◆ **What to work on**
Before copying, set aside the pictures; then restate exactly the lines from the one with "刘杨攀(右一)和两名国家队队" through the last line of the records.
[Start of Attachment]
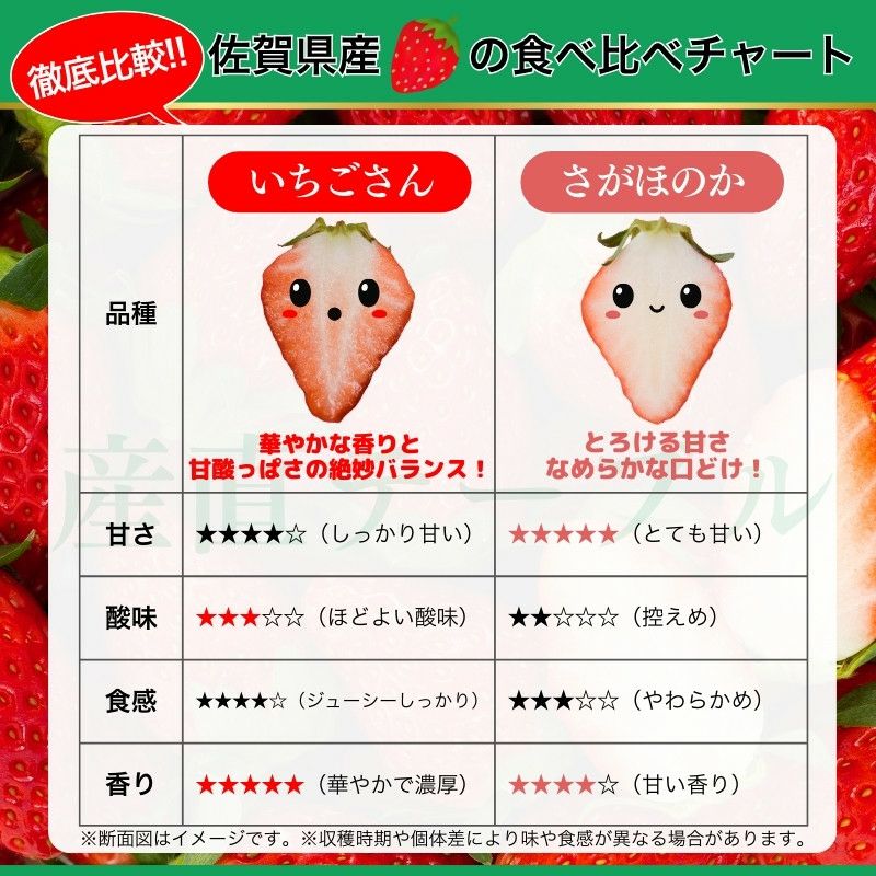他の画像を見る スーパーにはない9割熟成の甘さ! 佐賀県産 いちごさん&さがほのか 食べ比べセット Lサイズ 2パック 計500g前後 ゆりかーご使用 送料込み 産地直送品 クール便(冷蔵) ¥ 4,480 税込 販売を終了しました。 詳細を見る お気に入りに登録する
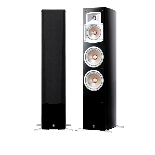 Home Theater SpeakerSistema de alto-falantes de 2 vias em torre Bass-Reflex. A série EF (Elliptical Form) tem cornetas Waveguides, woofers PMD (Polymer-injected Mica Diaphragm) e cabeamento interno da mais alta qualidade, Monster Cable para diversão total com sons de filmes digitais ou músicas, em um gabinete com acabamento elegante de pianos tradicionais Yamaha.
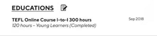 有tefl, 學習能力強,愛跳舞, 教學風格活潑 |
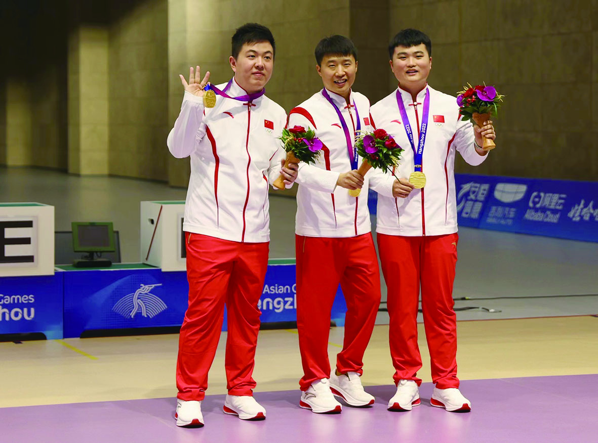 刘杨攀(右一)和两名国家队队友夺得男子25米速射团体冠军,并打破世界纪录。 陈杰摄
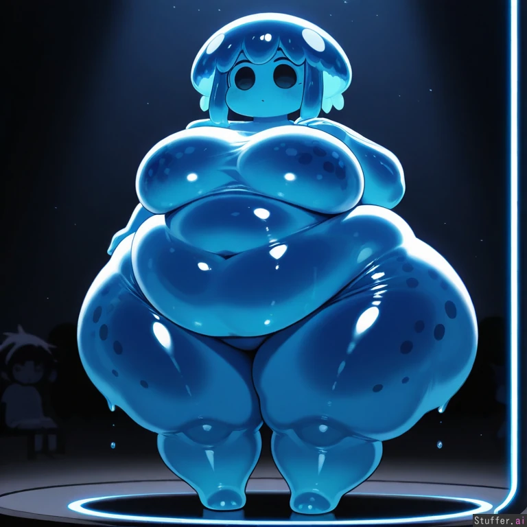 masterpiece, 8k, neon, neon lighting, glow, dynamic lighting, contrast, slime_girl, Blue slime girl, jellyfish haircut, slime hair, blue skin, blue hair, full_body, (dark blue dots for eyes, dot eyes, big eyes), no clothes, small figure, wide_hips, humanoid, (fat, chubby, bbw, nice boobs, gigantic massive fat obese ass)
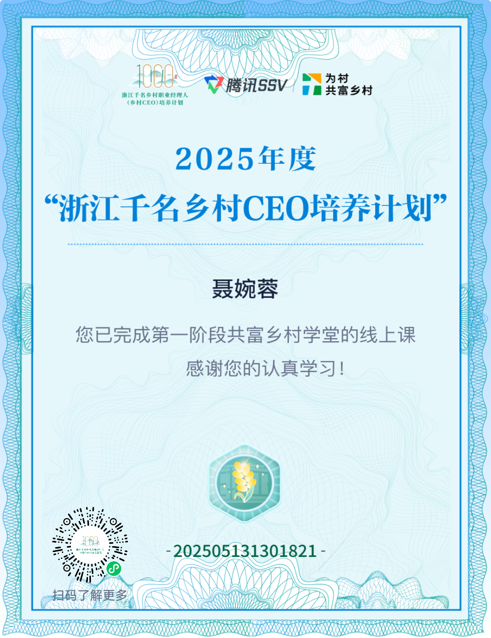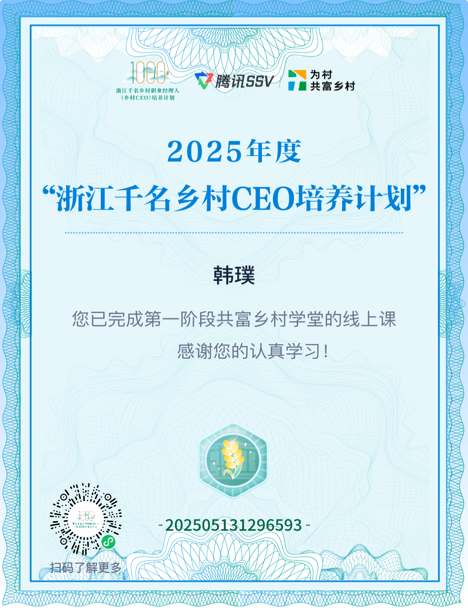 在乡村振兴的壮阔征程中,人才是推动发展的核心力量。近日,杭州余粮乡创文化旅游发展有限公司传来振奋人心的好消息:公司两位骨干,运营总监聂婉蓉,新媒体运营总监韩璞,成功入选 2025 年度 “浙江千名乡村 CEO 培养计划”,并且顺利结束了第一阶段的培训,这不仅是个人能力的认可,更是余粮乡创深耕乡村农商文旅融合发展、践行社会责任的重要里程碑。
[End of Attachment]
◆ **Exercise output**
 刘杨攀(右一)和两名国家队队友夺得男子25米速射团体冠军,并打破世界纪录。 陈杰摄
 masterpiece, 8k, neon, neon lighting, glow, dynamic lighting, contrast, slime_girl, Blue slime girl, jellyfish haircut, slime hair, blue skin, blue hair, full_body, (dark blue dots for eyes, dot eyes, big eyes), no clothes, small figure, wide_hips, humanoid, (fat, chubby, bbw, nice boobs, gigantic massive fat obese ass)
 在乡村振兴的壮阔征程中,人才是推动发展的核心力量。近日,杭州余粮乡创文化旅游发展有限公司传来振奋人心的好消息:公司两位骨干,运营总监聂婉蓉,新媒体运营总监韩璞,成功入选 2025 年度 “浙江千名乡村 CEO 培养计划”,并且顺利结束了第一阶段的培训,这不仅是个人能力的认可,更是余粮乡创深耕乡村农商文旅融合发展、践行社会责任的重要里程碑。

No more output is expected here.